_EXERCISE DATA_
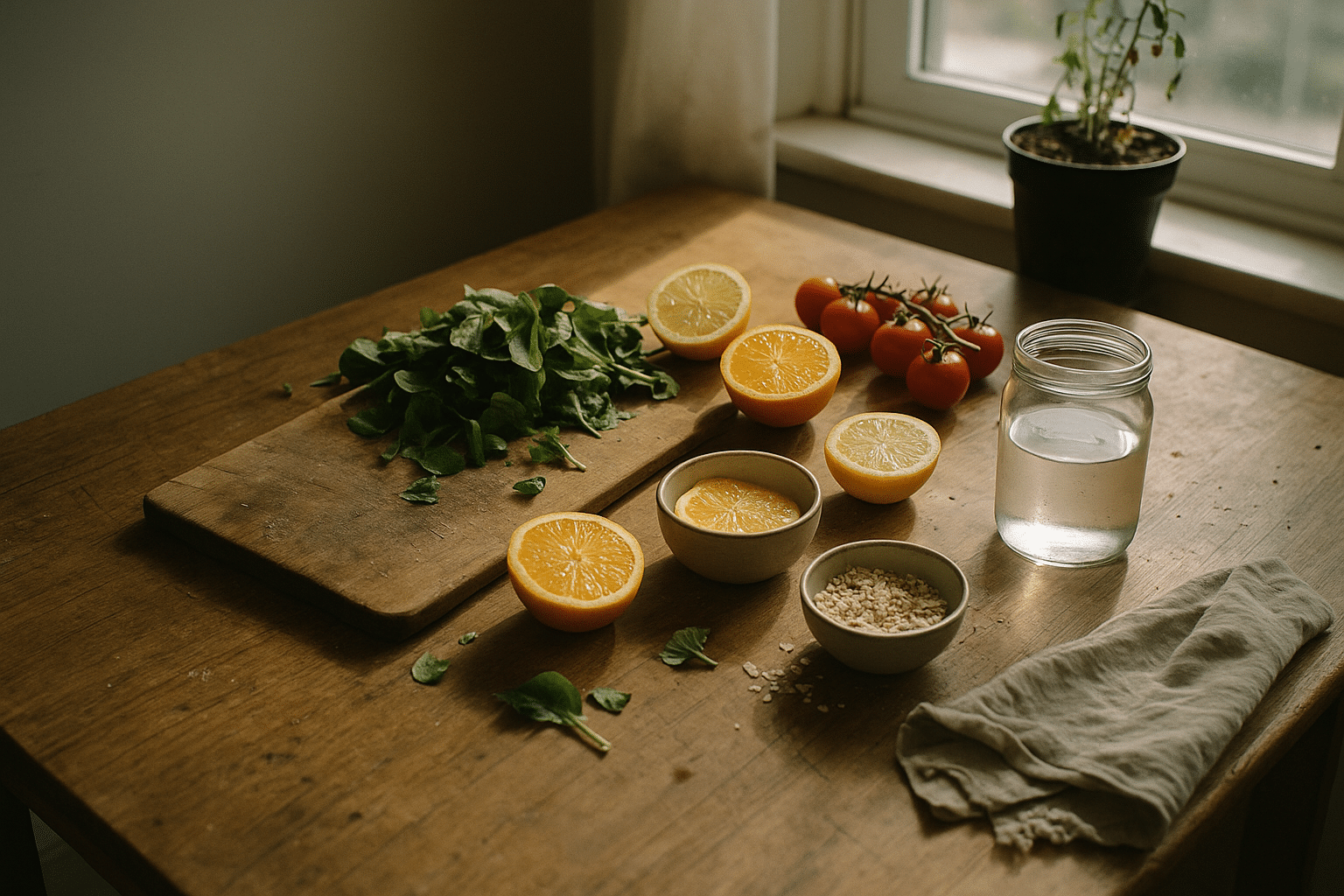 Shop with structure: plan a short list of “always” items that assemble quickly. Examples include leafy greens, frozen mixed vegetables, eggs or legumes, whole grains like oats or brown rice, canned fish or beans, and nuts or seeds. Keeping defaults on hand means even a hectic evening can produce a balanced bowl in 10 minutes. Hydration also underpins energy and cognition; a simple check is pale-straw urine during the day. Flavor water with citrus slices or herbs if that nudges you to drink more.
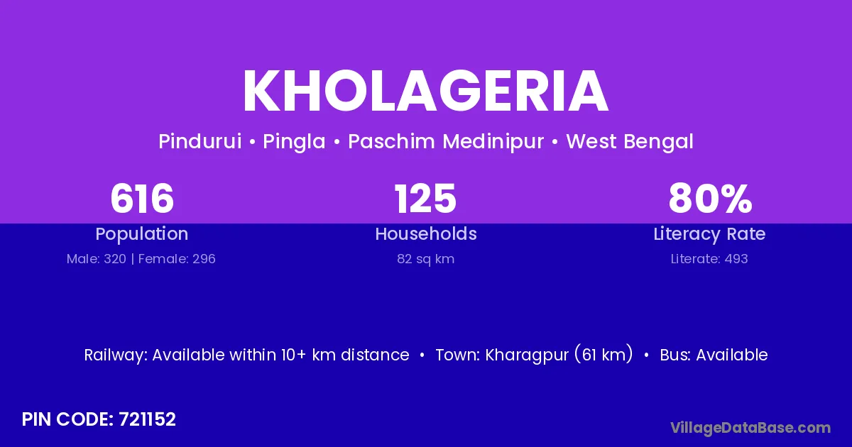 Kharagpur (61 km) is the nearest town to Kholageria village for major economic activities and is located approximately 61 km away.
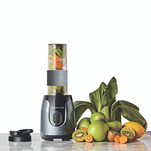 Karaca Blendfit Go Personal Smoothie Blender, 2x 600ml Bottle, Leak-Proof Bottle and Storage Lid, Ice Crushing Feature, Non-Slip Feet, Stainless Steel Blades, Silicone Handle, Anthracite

_WHAT THIS TASK INVOLVES_
Start with the line that holds "Kharagpur (61 km)" and retype each line through the last one in the data, exactly and without pictures.

_RESULT FOR THIS TASK_
 Kharagpur (61 km) is the nearest town to Kholageria village for major economic activities and is located approximately 61 km away.
 Karaca Blendfit Go Personal Smoothie Blender, 2x 600ml Bottle, Leak-Proof Bottle and Storage Lid, Ice Crushing Feature, Non-Slip Feet, Stainless Steel Blades, Silicone Handle, Anthracite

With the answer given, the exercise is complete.